Please transcribe exactly, and only, the lines of the data below between the line holding "O sistema inteligente" and the line holding "Расчетные формулы (1)", inclusive.

BEGIN Data for this exercise

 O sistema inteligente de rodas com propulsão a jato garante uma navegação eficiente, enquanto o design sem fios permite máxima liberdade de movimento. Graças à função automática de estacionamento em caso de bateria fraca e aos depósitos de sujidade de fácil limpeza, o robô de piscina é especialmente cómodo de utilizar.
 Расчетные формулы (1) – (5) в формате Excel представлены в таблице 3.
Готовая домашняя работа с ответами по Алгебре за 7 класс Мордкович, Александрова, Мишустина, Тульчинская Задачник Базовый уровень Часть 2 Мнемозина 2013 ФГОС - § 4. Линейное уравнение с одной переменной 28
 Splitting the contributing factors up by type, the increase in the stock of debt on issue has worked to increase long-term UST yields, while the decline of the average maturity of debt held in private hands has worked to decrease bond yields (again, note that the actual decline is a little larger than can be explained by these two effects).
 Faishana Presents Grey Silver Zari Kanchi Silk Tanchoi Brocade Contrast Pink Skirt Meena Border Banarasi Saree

END Data for this exercise
BEGIN Data for this exercise

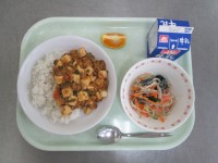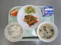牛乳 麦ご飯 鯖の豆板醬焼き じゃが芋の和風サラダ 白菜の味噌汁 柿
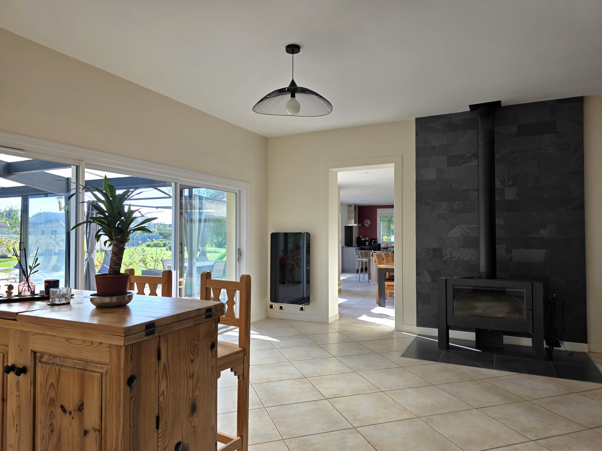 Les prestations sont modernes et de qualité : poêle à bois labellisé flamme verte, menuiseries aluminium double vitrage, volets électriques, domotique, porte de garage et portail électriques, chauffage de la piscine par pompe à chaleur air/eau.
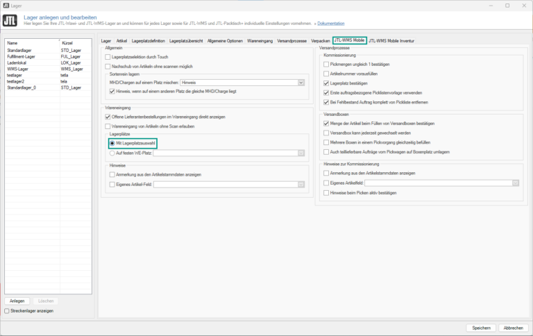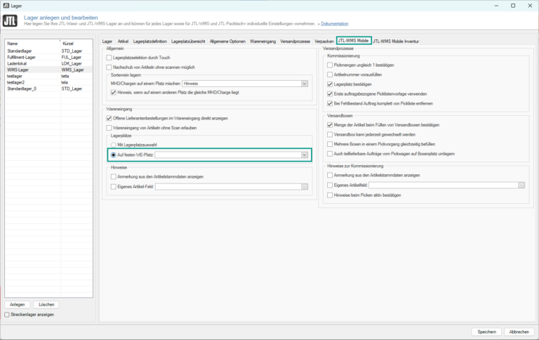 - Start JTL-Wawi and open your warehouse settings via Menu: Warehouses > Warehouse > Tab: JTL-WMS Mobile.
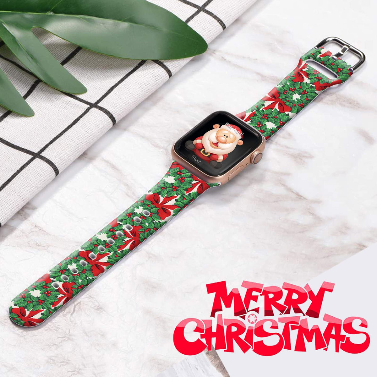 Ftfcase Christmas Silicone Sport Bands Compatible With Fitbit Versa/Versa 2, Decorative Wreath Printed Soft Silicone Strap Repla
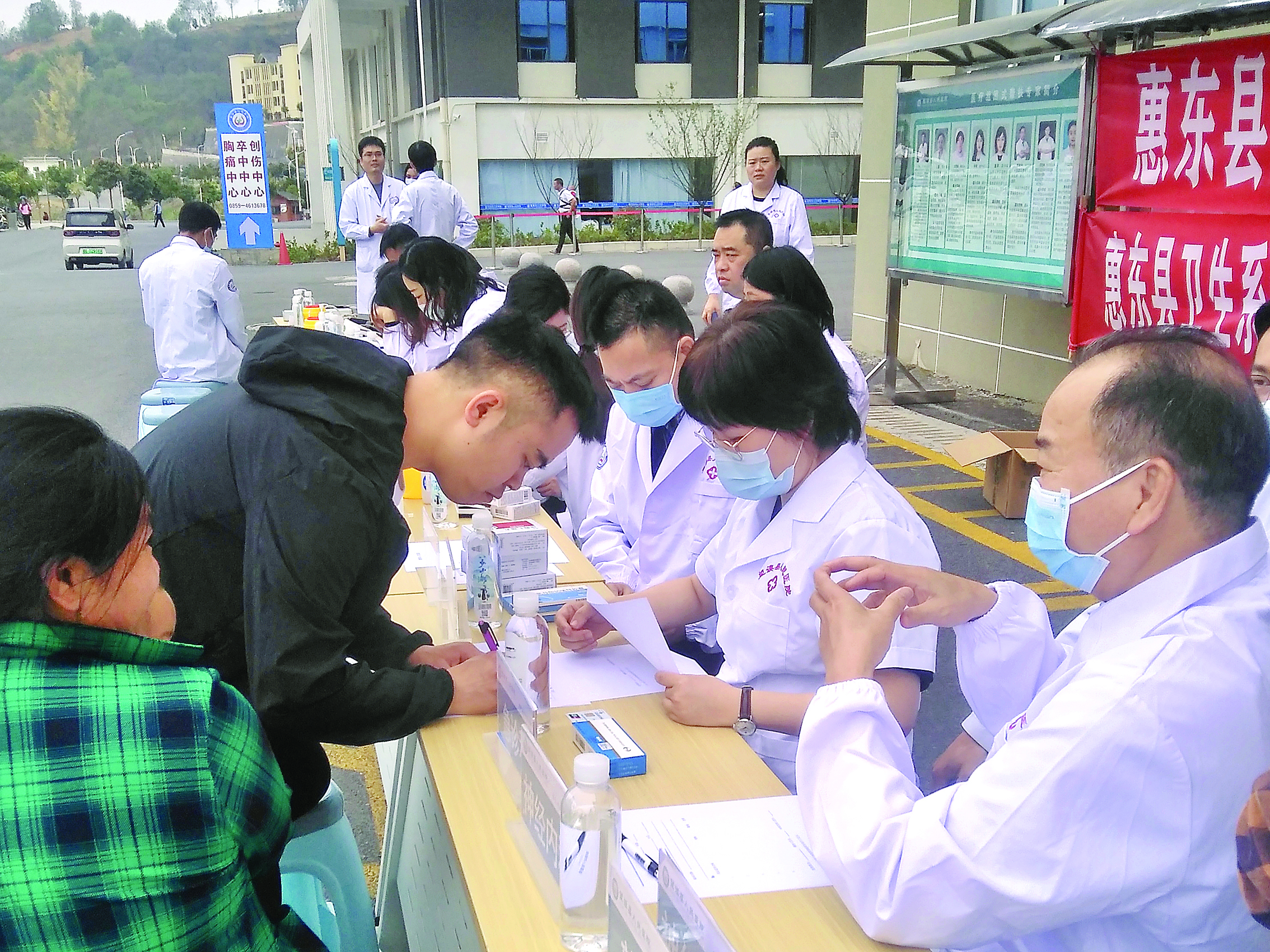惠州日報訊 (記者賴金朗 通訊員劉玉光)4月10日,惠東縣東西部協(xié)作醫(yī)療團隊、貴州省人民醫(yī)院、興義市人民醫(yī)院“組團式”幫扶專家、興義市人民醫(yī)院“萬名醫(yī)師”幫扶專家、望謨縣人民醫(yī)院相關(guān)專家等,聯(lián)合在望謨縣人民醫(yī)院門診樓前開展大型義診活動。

END Data for this exercise
BEGIN Data for this exercise

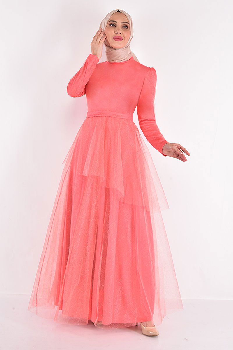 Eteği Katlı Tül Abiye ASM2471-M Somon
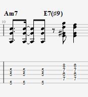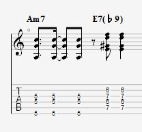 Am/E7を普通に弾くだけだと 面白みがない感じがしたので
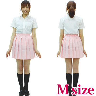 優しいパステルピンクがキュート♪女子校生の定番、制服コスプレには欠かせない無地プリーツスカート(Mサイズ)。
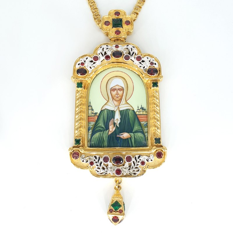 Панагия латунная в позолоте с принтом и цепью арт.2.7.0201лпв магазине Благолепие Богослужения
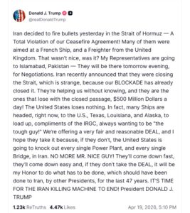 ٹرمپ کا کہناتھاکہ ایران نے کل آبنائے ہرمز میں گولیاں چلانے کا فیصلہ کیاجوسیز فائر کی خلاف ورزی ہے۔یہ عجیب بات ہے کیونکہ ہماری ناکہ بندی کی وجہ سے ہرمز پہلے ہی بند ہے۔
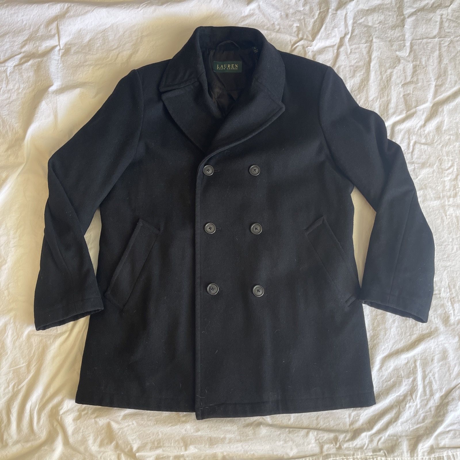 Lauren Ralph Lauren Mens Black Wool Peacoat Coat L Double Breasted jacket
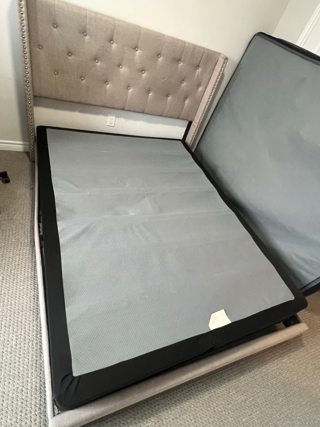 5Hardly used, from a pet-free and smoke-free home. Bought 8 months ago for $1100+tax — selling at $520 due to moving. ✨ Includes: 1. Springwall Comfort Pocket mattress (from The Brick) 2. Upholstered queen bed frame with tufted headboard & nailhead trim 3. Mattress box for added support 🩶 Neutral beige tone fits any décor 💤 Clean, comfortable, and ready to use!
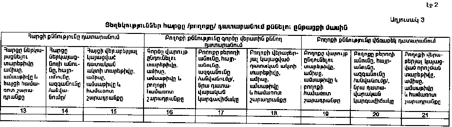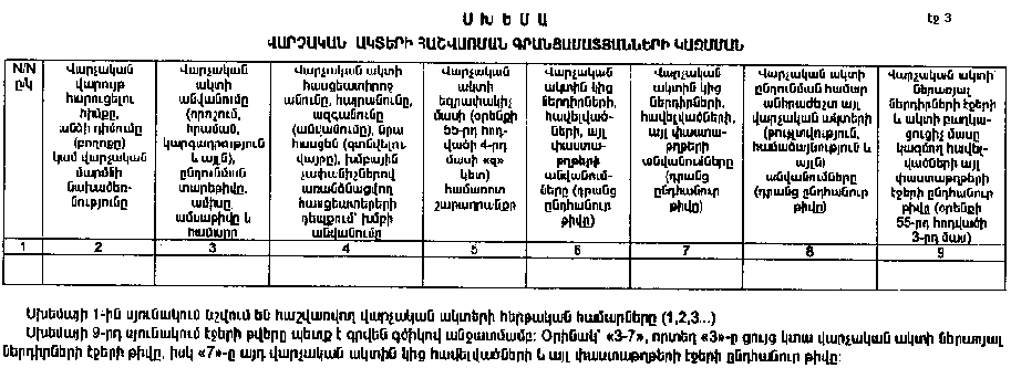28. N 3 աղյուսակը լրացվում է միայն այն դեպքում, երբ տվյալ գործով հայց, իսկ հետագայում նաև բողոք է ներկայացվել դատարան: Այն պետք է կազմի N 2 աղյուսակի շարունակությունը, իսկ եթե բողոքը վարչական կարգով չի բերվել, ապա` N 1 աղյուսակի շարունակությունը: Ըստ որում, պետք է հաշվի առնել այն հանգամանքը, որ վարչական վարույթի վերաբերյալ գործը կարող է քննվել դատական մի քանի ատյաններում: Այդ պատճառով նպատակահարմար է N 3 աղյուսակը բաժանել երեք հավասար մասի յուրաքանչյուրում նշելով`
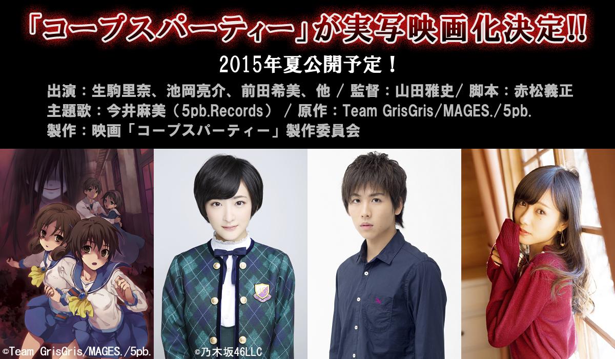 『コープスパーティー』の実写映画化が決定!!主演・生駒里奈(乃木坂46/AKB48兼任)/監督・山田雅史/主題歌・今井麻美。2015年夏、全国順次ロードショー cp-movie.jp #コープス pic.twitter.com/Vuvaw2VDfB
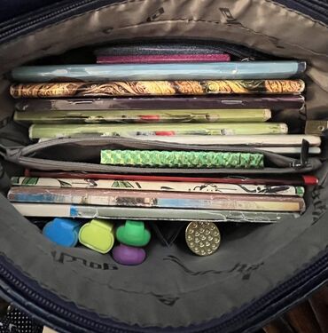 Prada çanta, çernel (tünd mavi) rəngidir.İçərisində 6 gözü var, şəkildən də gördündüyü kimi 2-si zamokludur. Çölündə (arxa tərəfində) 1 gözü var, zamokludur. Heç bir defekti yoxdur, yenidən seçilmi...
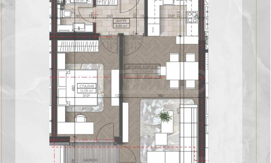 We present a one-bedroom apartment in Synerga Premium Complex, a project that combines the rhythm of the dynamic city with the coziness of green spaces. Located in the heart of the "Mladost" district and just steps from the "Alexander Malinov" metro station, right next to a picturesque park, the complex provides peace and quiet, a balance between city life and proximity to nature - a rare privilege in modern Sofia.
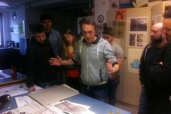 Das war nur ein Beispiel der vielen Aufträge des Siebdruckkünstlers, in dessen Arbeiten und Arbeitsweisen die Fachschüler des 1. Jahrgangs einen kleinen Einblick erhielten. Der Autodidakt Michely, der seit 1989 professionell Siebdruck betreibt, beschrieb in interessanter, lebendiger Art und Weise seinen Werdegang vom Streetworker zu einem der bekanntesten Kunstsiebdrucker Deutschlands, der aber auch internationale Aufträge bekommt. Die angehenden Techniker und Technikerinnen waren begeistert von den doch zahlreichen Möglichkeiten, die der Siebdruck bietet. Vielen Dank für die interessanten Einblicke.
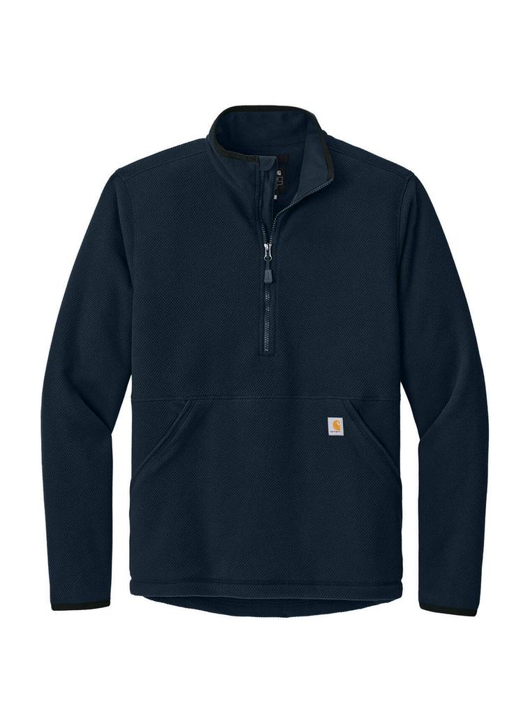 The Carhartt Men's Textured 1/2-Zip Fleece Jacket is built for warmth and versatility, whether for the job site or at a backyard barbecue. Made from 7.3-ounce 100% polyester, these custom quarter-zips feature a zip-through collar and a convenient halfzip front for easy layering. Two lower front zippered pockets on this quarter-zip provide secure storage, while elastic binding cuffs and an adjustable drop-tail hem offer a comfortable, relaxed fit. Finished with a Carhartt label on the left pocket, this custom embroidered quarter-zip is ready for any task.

END Data for this exercise

• Output for this task:
 O sistema inteligente de rodas com propulsão a jato garante uma navegação eficiente, enquanto o design sem fios permite máxima liberdade de movimento. Graças à função automática de estacionamento em caso de bateria fraca e aos depósitos de sujidade de fácil limpeza, o robô de piscina é especialmente cómodo de utilizar.
 Расчетные формулы (1) – (5) в формате Excel представлены в таблице 3.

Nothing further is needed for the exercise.